16 March 2012, 19:34

In the world many people have some perception that heavy drinking and sex go hand. However, a team of researchers at UC San Francisco have revealed on their publication in the latest issue of Science.

Their study concluded that male fruit flies get frustrated to sexual rejection.

When their attempts at courtship fail, the spurned male flies will actually turn to booze as a substitute for sex. Understanding this kind of behaviour, one could allow us humans to sort out some of our own dependencies.

Fruit flies are very sexual beings. Put a randy male fly in close quarters with a female, and (provided the male does a halfway decent job of wooing his counterpart) the two will copulate.

Things pan out a little differently, however, if the female has already mated. If this is the case, she will refuse the male's advances at all costs including running away, kicking, and even thrusting out herovipositor (an organ typically used for egg-laying) in protest.

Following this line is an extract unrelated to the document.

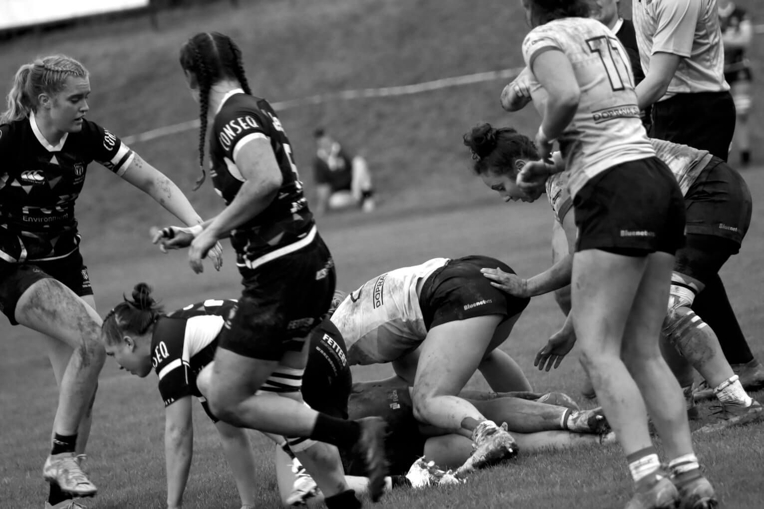 Jednou ze základních standardních situací ragby je „ruck“ (čti rak). Tento proběhl v krásné blátivé louži.

The study revealed that when given the choice, rejected male flies prefer food that has been spiked with alcohol over their normal grub. Males that had successfully mated, on the other hand, showed no preference for one meal or the other.

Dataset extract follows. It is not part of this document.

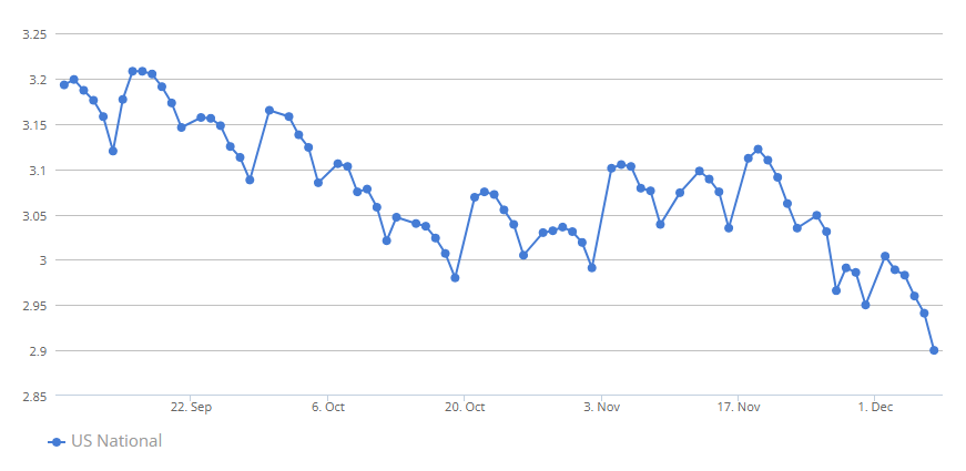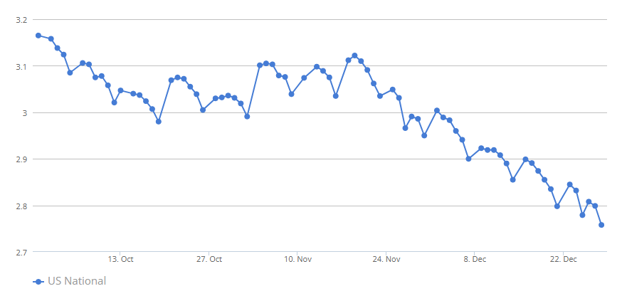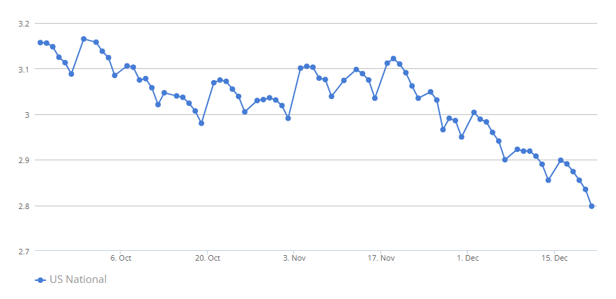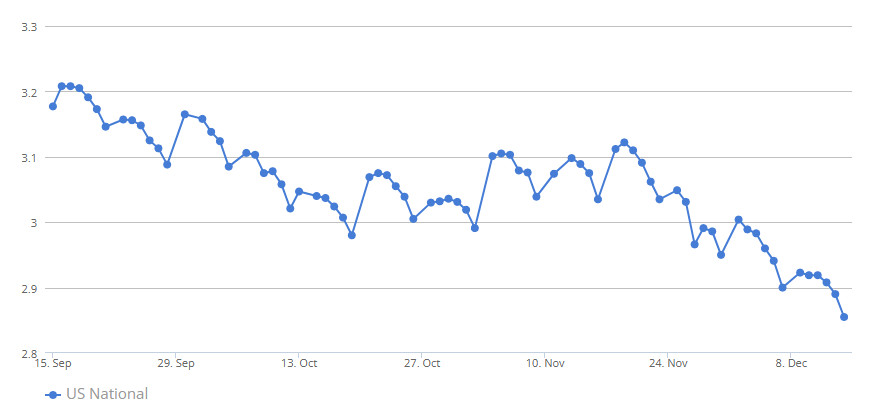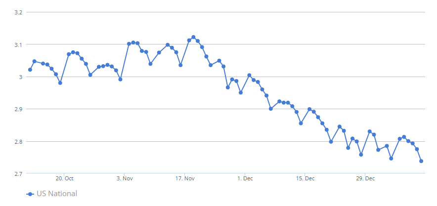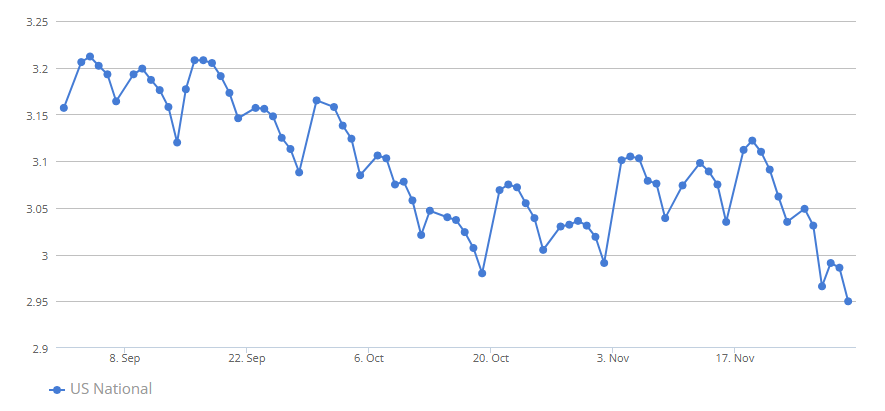 Versus one month ago, gasoline prices were +3.6c higher, but remained -23.9c lower YoY, indicating prices are still materially below last year despite recent gains.

In this study, a team of researchers used this behaviour to identify a signalling molecule in the flies' brains called neuropeptide F(NPF).

Flies that had been denied sex were shown to have low levels of NPF; but when researchers genetically altered sex-deprived flies to produce NPF at higher levels than usual, they behaved as though they were sexually satisfied, and demonstrated no preference for alcohol-dosed food.

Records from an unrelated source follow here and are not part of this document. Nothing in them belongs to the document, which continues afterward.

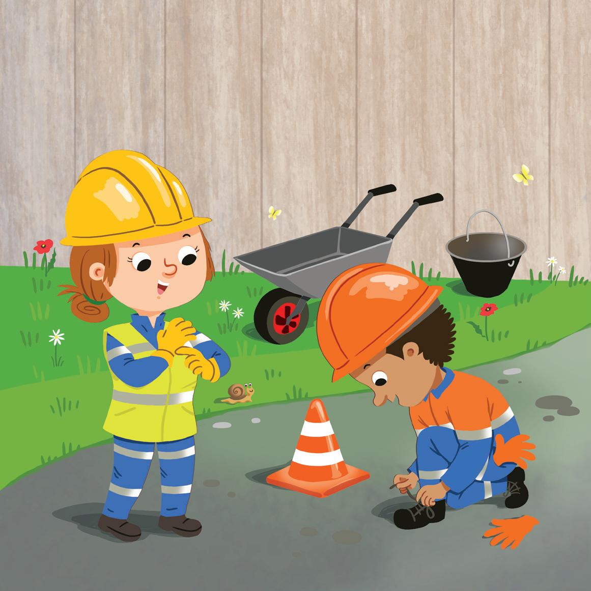 Pour éviter les accidents, chacun doit mettre un casque, c’est obligatoire ! Il faut aussi enfiler un gilet fluorescent pour être bien visible. Les ouvriers portent des gants et des vêtements résistants. Leurs chaussures sont renforcées avec du fer au bout pour ne pas risquer de se faire écraser les doigts de pied sous un objet lourd.
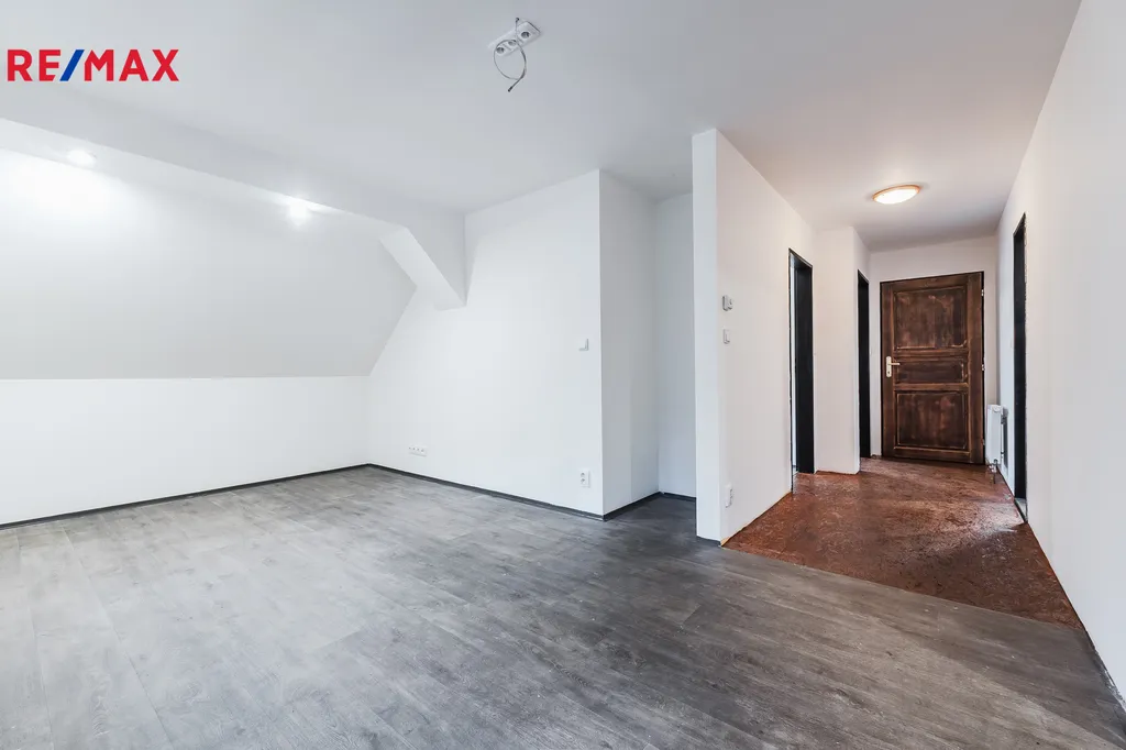 Prostory prvního nadzemního podlaží je možné uzpůsobit na trvalý pobyt a využít tak rozsáhlé prostory bývalé hospody.
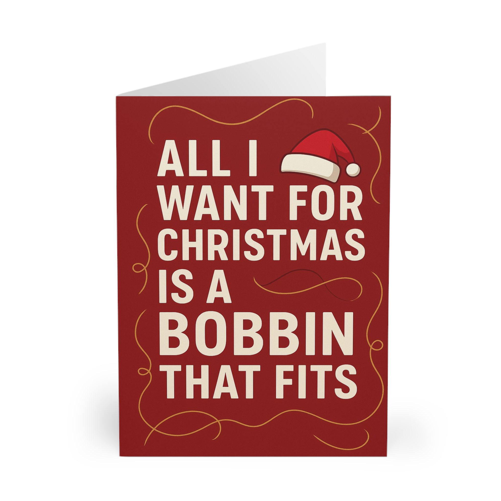 This Sewing Christmas Card is the perfect festive laugh for anyone who sews — because every sewist knows the struggle of bobbins that just won’t fit. With bold typography, a rich Christmas-red background, a cute Santa hat, and playful golden thread flourishes, this design delivers clean, modern sewing humour with a festive twist.
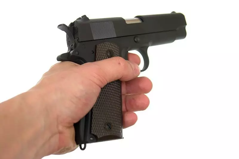 Replika pistoletu C1943, wywodzącego się z konstrukcji zaprojektowanej w 1900 roku przez Johna Browninga – a więc C1911A1 zmodyfikowanego podczas II Wojny Światowej na potrzeby amerykańskich oficerów i krajów korzystających z pomocy tzw. ustawy lend-lease. Zamek, rękojeść i części wewnętrzne wykonane są z szarawego metalu, doskonale imitującego kolor anodyzowanego oryginału, zaś okładziny rękojeści – z ABSu. Pistolet zasilany jest greengasem.
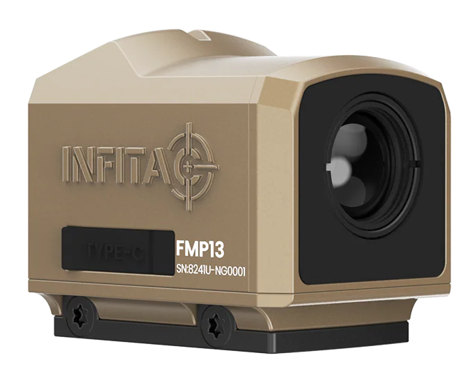 The Infitac Fast Mini FMP13 is a compact thermal pistol sight featuring a 256×192 resolution sensor operating at 60 Hz with an F1.0 13mm lens and 1.4-inch 360×300 display. IP67 waterproof rated and designed for up to 1200g recoil, it is powered by a CR2 battery providing up to 5 hours of runtime in an ultra-compact and lightweight package.
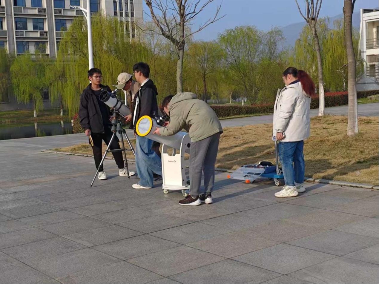 3月21日,春分节气到来之际,在昼夜平分、万物生发的美好时节,由老员工心理健康教育与服务中心主办,老员工天文爱好者协会、数学与统计学院、tyc8722太阳集团心理健康工作站联合承办的“春分踏青·不负春光”主题活动在数理学院楼下温情举行。数十名同学齐聚春日黄昏,在专业望远镜中仰观天象,于星辉流转间感悟节气智慧,在静谧苍穹下寻得内心安宁。
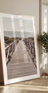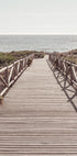 Klidná pobřežní fotografie zobrazující dřevěnou promenádu vedoucí přímo dolů k šumivému moři. Perspektiva úběžníku zve diváka k procházce k horizontu a navozuje pocity klidu, volnosti a ticha léta.
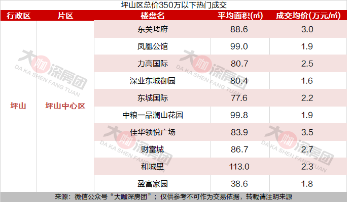 总价350万内,深圳各区这些楼盘最好卖!
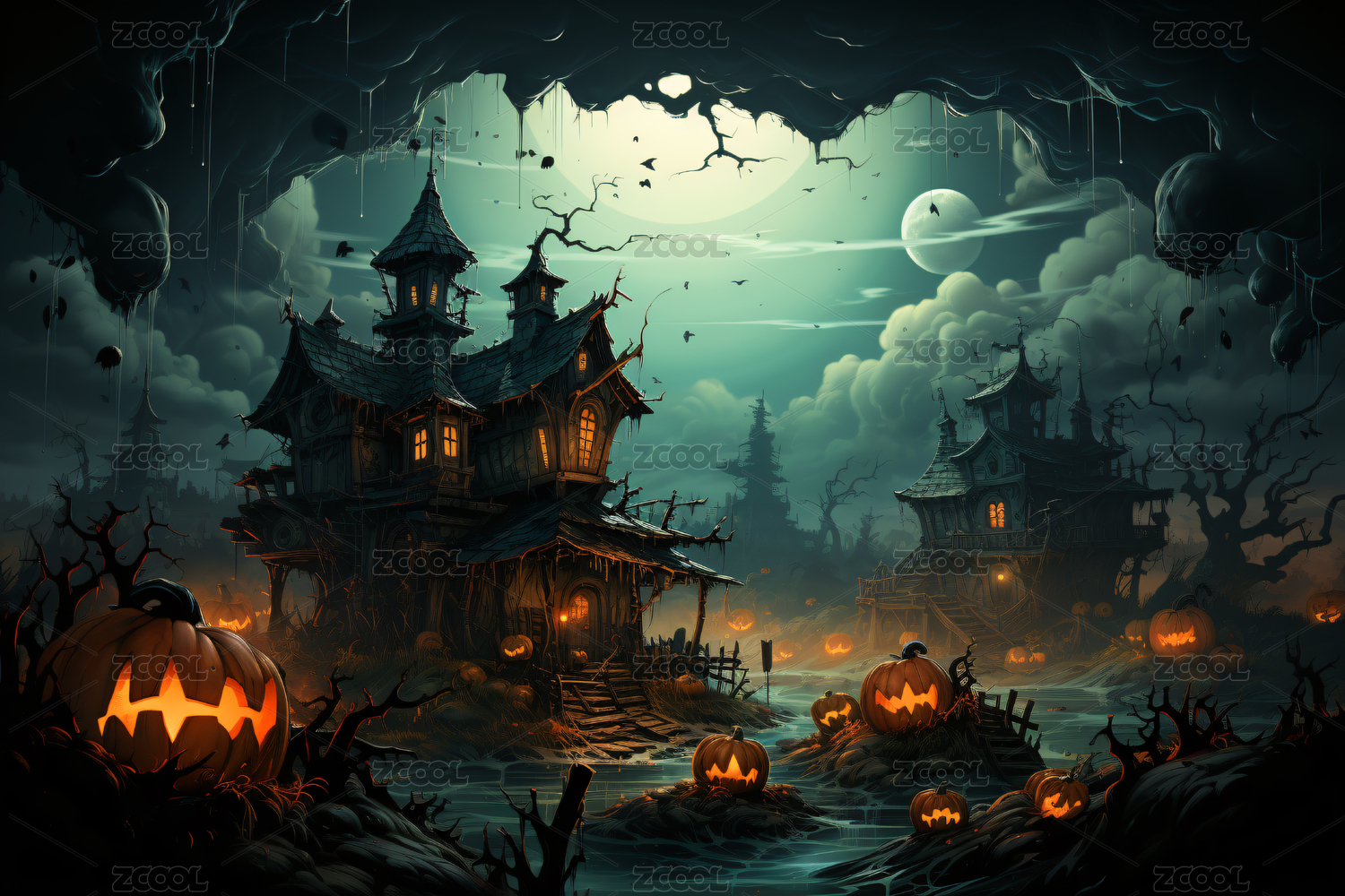 黑夜,月亮,月光,阴森,古堡,城堡,万圣节,夜晚,房子,诡异

"Natural rewards and abused drugs affect the function of the brain's reward systems”, to make this clear, after an elaborate courtship ritual by a male, rejection by a female, or sexual deprivation, decreases the amount of neuropeptide F in the male fly brain.

This correlates with the male's increased preference for ethanol, a behaviour associated with reward and reward seeking. Therefore, abnormal function of these brain regions is associated with addictive behaviour. In the case of the male fruit flies, the neural pathway that NPF uses to reinforce and reward sexual experiences has been linked to alcohol consumption.

NPF is similar to a signalling molecule in humans called neuropeptide Y. By shedding light on the relationship between NPF and neurological reward systems linking sex and alcohol consumption, the research team believes they can gain a better understanding of how addiction works in humans.